The Ultimate Sales Machine, and one of the central points; I’ll hijack here a little bit, one of the central points of the book is this thing called The Stadium Pitch. If you think about it, if you were on stage and there was a 1000 people in the audience, you could say: “Who here is in the market for a car right now?” About 3%, according to Chad’s research, about 3% of the room is going to put up their hand. Who is looking for a house? Who is looking for a dentist? Who is looking for a plumber? There is always about 3% of a given audience that knows they have a problem and are actively looking for a solution.

There is about another 7% that are open to the idea of making a change or buying something new. The other 90% of the audience really is not open at that point in time, so to try and sell them is a waste of your breath. Part of the idea of having a core story is that instead of having a sales pitch that’s about features and benefits etc. you want to use education based marketing.

Chad wrote this book quite a while ago; I do not know what the exact published date was but well before this whole content marketing buzz word thing became so very, very popular and if you educate rather than sell, you’re going to appeal to a much larger percentage of the stadium and have a greater opportunity.

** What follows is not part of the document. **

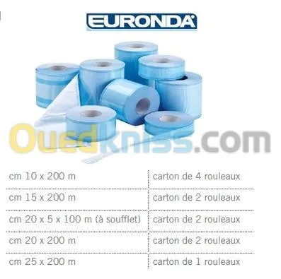 GAINE DE STERILISATION Eurosteril® Rouleaux pour stérilisation STERILITE JUSQU'À 6 MOIS Marque: EURONDA Type: EUROSTERIL Origine: Italie Rouleaux pour stérilisation en papier médic

So if you combine two key concepts of having this list; he calls it the Target 100, that you’re pursuing on a ongoing basis and instead of saying sell, sell, sell, you are educate, educate, educate you are much, much more likely to get some of that commodity that is so incredibly difficult to get to their attention. Of course, once you have their attention, conversations increase, engagement and relationships and obviously the ball starts rolling in the direction that you need it to.

Rebecca:

That’s super; I’m definitely going to read that.

Trent:

We talked as well in our pre-interview about some prospecting tactics, do you remember that part?

Rebecca:

I do.

Trent:

I want you to talk a little bit about the prospecting tactics that you used, and I, sadly in my notes I don’t remember whether you did this for a certain phase of time in the beginning or whether you still do this, I can’t recall.

Rebecca:

This is something that we primarily did in this transformational time of really narrowing our focus. We still do some of it online, but we found that it works best when you have an established awareness of each other and maybe even a relationship in the past. When we looked at our pipeline and thought about this question of what were the three next customers that you want, we put a list together like I was talking about and many of them were partners of the past company that we had worked for.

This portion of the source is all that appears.